Similarly, our analysis on the different measures of stability also shows that the countries with the lowest deviation in Polity Score and lowest frequency in Instability Events have the highest average HDI. However, there are some notable exceptions to the first case and there are more countries in the high polity score deviation and high average HDI area than expected.
This is consistent with our observation that there are examples such as Pakistan, Bangladesh and Thailand which have shown a significant fluctuation in their Polity Score yet they have continued to shown a steady increase in the HDI. This points to more factors in the variance in HDI that have not been captured by this study.
Future Direction
There are two key areas for possible future work in this study. The first focuses on building on this analysis and adding more complexity. One particular approach could be to look for and incorporate other indicators of standard of living which can be used in comparison with the HDI. Similarly, the complexity of the analysis could be increased by incorporating other measures of democracy such as voter turnout, public sentiment, fairness of elections etc. Another way to isolate the concerned effects would be to incorporate other factors such the Gross Domestic Product, population, trade, natural resources etc.; normalizing on such factors could prove helpful in determining the sole impact the state of the government has had on the country.

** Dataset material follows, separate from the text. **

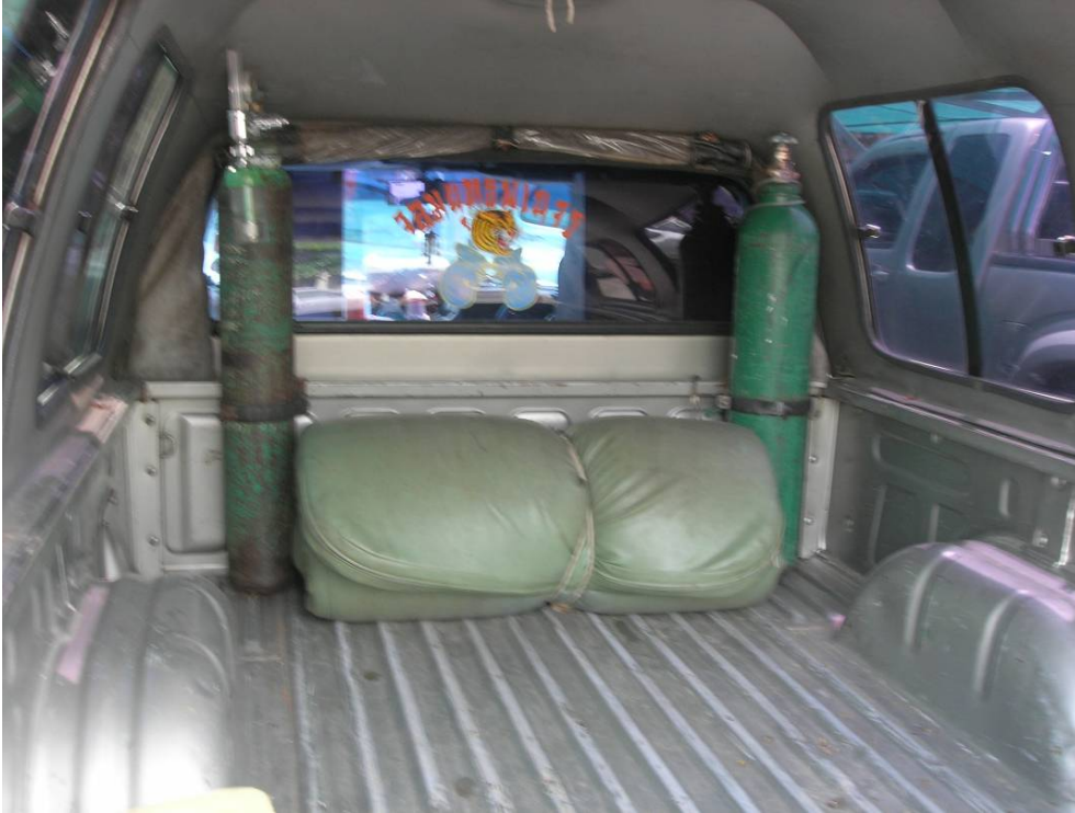
Figure 2. The guard's pickup ambulance with oxygen tanks and mattress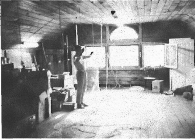
The attic of the "Big House" was reserved for staff members to create and repair the nets needed for sampling the waters of the Gulf of Mexico and Mississippi Sound.

The second area of improvement is incorporating the feedback received from the users during the research and presentations and improving the visualizations. The complexity of the markers and filters used on the maps can be reduced to make it possible to build animations on Tableau. This would make it easier for users to see the sequence of instability events and their corresponding aftereffects. Moreover, other measures such as ‘time since last instability event’ and ‘change in HDI’ can also be incorporated to further the analysis.